**Information supplied**
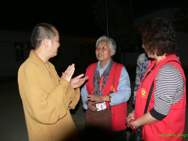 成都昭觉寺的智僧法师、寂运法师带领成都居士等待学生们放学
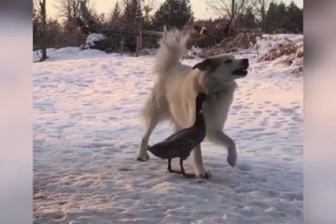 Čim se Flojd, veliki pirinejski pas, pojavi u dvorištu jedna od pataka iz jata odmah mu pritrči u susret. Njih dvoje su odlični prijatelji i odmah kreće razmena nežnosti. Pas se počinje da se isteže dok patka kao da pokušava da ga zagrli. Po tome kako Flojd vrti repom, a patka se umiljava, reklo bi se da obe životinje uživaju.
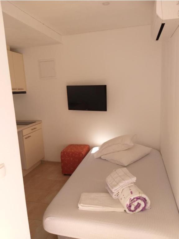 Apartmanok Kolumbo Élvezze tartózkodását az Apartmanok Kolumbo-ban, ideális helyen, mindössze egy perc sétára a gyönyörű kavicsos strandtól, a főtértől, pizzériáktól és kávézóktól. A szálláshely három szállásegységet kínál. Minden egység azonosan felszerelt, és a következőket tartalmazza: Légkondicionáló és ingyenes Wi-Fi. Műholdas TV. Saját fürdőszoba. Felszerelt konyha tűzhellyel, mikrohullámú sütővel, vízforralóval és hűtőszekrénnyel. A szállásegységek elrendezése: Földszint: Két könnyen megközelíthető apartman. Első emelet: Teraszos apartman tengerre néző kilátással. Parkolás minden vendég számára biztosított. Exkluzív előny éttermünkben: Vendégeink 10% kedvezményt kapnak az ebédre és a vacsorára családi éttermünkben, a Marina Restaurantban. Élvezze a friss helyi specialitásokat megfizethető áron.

**Task**
Repeat the exact lines from the first line of the data through the line containing "Čim se Flojd, veliki". Nothing else, no pictures.

**Expected answer**
 成都昭觉寺的智僧法师、寂运法师带领成都居士等待学生们放学
 Čim se Flojd, veliki pirinejski pas, pojavi u dvorištu jedna od pataka iz jata odmah mu pritrči u susret. Njih dvoje su odlični prijatelji i odmah kreće razmena nežnosti. Pas se počinje da se isteže dok patka kao da pokušava da ga zagrli. Po tome kako Flojd vrti repom, a patka se umiljava, reklo bi se da obe životinje uživaju.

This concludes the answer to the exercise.